Schlagwort-Archiv: Felix Magath

Empfehlungen: Heynckes, Magath, Meier & Gehirnverletzungen

Am Sonntag startete der FC Bayern München ohne Erfolg in die Saison und Manager Nerlinger fordert schon Grundsätzliches Änderungen. Umso interessanter liest sich deshalb ein Interview mit Trainer Jupp Heynckes: “Ballbesitz und Dominanz reichen heute nicht mehr”

FAZ: Es gab zuletzt zwei stilprägende Meister: Die Bayern mit Trainer van Gaal und die Dortmunder mit Klopp. Haben Sie eine Vorstellung vom idealen Stil?

Heynckes: Das Notwendige zum richtigen Zeitpunkt tun. Es gibt immer neue Entwicklungen, das haben Dortmund, Hannover und über weite Strecken Mainz in der vorigen Saison eindrucksvoll gezeigt. Aber einfach übernehmen, funktioniert nicht. Wenn man wie wir 16 Nationalspieler in der Mannschaft hat und auch noch in der Champions League spielt, muss man schon ein ausgeklügeltes Spielsystem entwickeln, damit der Substanzverlust nicht zu groß ist.

Bleibt interessant zu beobachten, ob und wie sich die Mannschaft entwickelt, ob Boateng die großen Hoffnungen des Trainers erfüllen kann und ob Schweinsteiger den Vergleichen mit Xavi und Iniesta standhalten wird.

Ein weiteres lesenswertes Interview hat Harald Müller in seinem Blog freitagsspiel veröffentlicht. Er sprach mit Urs Meier, dem als Schiedsrichter und Fernsehexperten bekannten Schweizer. Das Gespräch ist schon das Zweite mit Meier, das ich mit verlinke – obwohl ich den Mann im Fernsehen oft nur schwer ertrage. Muss auch an den guten Fragestellern liegen: “Fairplay ist keine Regel sondern eine Haltung

“Die Zei­ten, als der Schieds­rich­ter ein Die­ner am Fuss­ball war, sind vor allem im Spit­zen­sport schon längst vor­bei. Man sollte Schieds­rich­ter als gleich­ge­stellte Sport­ler betrach­ten und behan­deln. Nur mit guten Schieds­rich­tern ent­wi­ckelt sich der Fuss­ball auch wei­ter.”

Auf Spielverlagerung.de habe ich ein schönes Portrait von Felix Magath gefunden. Der Autor beschreibt darin den Weg des Trainers vom “Super Felix” zum “Quälix. Eine launige Lebensgeschichte, gespickt mit Anekdoten und interessanten Vergleichen zwischen dem Spieler und dem Trainer Magath:  Felix Magath: Vom Zauberer zum Quäler

Im Alter von sieben kam er zum VfR Nilkheim, dessen größter Erfolg bis heute ist, dass sie Magath vier Jahre halten konnten, ehe seine Mutter Helene ihn beim TV 1860 Aschaffenburg anmeldete. [...]
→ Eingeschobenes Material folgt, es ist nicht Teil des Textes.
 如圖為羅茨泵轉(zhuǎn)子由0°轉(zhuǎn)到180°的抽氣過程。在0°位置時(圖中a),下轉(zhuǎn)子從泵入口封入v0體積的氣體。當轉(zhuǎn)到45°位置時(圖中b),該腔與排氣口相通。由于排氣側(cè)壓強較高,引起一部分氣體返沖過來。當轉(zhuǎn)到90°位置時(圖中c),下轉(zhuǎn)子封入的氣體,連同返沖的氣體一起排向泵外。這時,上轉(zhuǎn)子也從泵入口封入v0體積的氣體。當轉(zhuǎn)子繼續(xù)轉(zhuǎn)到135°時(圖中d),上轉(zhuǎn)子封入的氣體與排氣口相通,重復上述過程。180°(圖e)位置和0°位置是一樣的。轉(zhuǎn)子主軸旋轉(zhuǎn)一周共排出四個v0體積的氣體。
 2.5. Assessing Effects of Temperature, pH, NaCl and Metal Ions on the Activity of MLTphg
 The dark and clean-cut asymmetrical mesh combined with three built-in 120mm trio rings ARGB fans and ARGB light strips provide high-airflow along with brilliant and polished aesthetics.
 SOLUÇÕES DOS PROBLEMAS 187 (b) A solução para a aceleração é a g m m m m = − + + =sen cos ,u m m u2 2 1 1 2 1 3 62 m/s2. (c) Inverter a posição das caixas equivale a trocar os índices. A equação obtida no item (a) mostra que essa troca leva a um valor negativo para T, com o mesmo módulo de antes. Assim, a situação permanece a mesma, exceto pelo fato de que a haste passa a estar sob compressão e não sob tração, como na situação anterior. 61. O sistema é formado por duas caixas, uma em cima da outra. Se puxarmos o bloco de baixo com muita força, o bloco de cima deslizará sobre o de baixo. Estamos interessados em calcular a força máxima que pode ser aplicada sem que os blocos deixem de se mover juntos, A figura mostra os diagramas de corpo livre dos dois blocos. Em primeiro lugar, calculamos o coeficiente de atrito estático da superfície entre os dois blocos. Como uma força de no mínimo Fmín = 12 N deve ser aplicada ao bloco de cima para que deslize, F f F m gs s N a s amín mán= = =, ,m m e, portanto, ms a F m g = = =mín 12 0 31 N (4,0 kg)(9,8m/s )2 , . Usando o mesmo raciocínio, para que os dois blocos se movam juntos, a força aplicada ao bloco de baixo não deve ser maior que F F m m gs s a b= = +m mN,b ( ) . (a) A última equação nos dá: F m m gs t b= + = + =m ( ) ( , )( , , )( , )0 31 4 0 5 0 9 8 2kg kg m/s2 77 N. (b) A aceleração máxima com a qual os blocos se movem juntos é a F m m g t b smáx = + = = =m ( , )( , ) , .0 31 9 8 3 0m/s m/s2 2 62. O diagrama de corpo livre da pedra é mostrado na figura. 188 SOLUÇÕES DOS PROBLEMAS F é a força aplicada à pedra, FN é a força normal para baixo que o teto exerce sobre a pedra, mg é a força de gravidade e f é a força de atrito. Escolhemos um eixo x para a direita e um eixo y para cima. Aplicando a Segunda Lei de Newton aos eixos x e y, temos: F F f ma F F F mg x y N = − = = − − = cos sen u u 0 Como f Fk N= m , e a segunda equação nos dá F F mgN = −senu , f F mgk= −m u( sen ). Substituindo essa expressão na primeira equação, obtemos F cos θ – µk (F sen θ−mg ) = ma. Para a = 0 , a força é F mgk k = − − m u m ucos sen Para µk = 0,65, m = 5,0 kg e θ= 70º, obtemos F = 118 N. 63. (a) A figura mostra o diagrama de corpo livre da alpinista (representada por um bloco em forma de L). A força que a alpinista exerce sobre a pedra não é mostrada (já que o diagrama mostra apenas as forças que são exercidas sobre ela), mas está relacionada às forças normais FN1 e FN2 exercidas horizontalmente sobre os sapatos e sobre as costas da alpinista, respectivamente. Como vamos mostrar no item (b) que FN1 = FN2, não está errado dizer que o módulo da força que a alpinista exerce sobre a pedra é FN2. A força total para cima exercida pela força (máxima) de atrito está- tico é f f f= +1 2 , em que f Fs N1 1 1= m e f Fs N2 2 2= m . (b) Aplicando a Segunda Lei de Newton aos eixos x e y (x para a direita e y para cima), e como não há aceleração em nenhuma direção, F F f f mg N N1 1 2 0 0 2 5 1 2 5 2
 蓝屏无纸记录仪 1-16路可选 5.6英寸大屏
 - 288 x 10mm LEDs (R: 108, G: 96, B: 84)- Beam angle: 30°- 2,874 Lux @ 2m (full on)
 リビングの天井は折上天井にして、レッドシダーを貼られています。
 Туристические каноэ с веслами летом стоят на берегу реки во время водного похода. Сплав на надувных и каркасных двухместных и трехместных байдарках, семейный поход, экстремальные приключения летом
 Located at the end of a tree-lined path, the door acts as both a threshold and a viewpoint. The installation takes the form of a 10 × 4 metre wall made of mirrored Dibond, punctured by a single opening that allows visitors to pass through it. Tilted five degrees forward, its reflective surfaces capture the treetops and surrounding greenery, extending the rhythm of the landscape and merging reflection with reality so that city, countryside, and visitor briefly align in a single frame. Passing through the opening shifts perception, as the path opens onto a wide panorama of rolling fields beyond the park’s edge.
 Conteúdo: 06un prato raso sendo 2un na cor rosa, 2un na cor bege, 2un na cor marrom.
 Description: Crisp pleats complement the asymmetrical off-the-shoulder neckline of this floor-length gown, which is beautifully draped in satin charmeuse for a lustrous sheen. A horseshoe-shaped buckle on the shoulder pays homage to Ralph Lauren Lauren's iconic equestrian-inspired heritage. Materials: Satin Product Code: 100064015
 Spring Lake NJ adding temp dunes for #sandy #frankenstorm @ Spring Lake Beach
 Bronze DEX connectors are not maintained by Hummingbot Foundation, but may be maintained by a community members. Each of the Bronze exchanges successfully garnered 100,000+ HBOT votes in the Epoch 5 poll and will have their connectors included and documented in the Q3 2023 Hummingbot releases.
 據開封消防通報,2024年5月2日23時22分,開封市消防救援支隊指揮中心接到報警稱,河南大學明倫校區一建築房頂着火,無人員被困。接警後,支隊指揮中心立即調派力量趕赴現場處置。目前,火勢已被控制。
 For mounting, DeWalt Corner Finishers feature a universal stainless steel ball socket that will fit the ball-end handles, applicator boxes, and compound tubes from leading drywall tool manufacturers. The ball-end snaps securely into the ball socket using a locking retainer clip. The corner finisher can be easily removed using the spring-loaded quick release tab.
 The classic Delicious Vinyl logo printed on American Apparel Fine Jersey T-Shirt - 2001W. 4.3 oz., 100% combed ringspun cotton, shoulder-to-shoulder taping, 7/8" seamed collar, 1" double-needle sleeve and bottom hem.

Im Alter von 25 Jahren erkrankte Magath an Hepatitis und war längere Zeit bettlägerig. In seinem Frust war seine einzige Ablenkung die Schachweltmeisterschaft zwischen Viktor Kortschnoi und Anatoliy Karpov, welche ihn für längere Zeit in den Bann zog. Auch nach Auskurieren seiner Krankheit verfolgte er internationale Schachspiele, zog erste Schlüsse für fußballtaktische Theorien daraus und ließ sich trotz Zeitmangels in der Schachabteilung des HSV einschreiben. [...]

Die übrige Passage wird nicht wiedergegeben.